Tunisia suffered a terrible attack on the Bardo Museum on Wednesday 18 March. This dramatic event cost the lives of 22 people, of whom 19 were tourists, and is a heavy blow on the tourism sector, which has barely begun to recover from the country's revolution on 14 January 2011.
Claimed by the Islamic State (ISIS), this is the first such attack on Tunisian soil, and the first targeting civilians since the country's unrest. Before the uprising, an attack on the Ghriba synagogue in Djerba in 2002 killed 19 people - 14 of them German tourists.
Since 2012, the various attacks directed at the army and security forces on the Algerian border have left 90 dead, according to a statement from a representative of the police union.
But this time, terrorism has reached a new threshold. It struck the heart of the Tunisian capital, a symbolic place for the country's culture and civilisation, and has touched a new target: civilians and foreigners.
Still shell-shocked, Tunisia will have to recover fast. The country has faced great economic difficulties since the fall of President Ben Ali in 2011, and this attack, perpetrated in the largest museum in the country, hit one of the most important sectors of the Tunisian economy: tourism.
A tough blow for tourism?
Twelve of the victims were holiday makers, who were spending 24 hours in Tunis as part of a cruise holiday.

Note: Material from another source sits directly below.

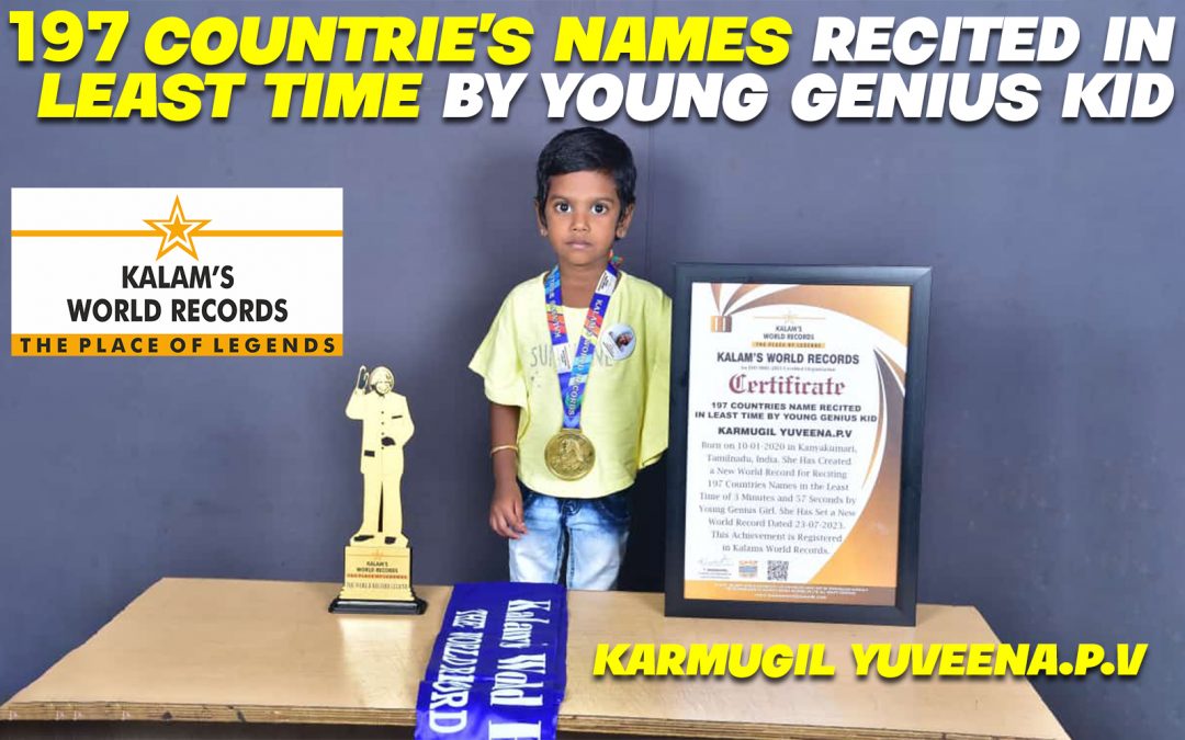 Born on 10-01-2020 in Kanyakumari, Tamilnadu, India.she Has Created a New World Record for Reciting 197 Countries’ Names in the Least Time of 3 Minutes and 57 Seconds by Young Genius Girl. She Has Set a New World Record Dated 23-07-2023. This Achievement is Registered in Kalams World Records.

On Thursday, two Italian groups, MSC Cruises and Costa Cruises, announced the suspension of all excursions to Tunis, and replaced them with alternative destinations.
According to AFP, German firm Hapag-Lloyd Cruises, a cruise ship which was supposed to shortly go through Tunis, has removed the port from its itineraries.
But travel agencies do not have this flexibility, and will find it difficult to cut out Tunisia from the destinations they offer as quickly as the cruise lines have.
Although effects are anticipated , the country will have to wait for the start of the high season, in three months, to measure the real impact of this attack.
The Minister of Tourism, Selma Elloumi Rekik, remains optimistic, telling the news agency Tunis-Afrique Presse there have been some reservation cancellations, but nothing major.
According to AFP, the British tour operators Thomas Cook and Thomson have maintained their scheduled trips to Tunisia, but have cancelled excursions to Tunis. The French operators have taken the same position. There is no question of abandoning the Tunisian holiday destination, René-Marc Chikli, president of the union of French tour operators (SETO), told a newspaper called Challenges.
A recovering sector
Tourism contributes 7% of Tunisia's GDP and employs more than 400,000 people, both directly and indirectly. Will such an important sector be able to survive this tragedy? This is the big question today.
During the first year of the uprising, between 2011 and 2012, the tourism sector experienced a 30% fall in revenues, and while it is recovering, it has not yet managed to regain its pre-revolution buoyancy.
Its traditional markets are France, Germany, Britain, Italy and Spains – but the European tourists, who represent 47% of the entire market, still find it hard to return, four years on from the uprising.
In 2014, total entrances exceeded 6 million people, lower than the 2010 levels of just under 7 million. Last year, the number of tourists from France – Tunisia's largest European market – declined by 6% compared to 2013, which itself was not a good year for tourism.
Can international solidarity save the country?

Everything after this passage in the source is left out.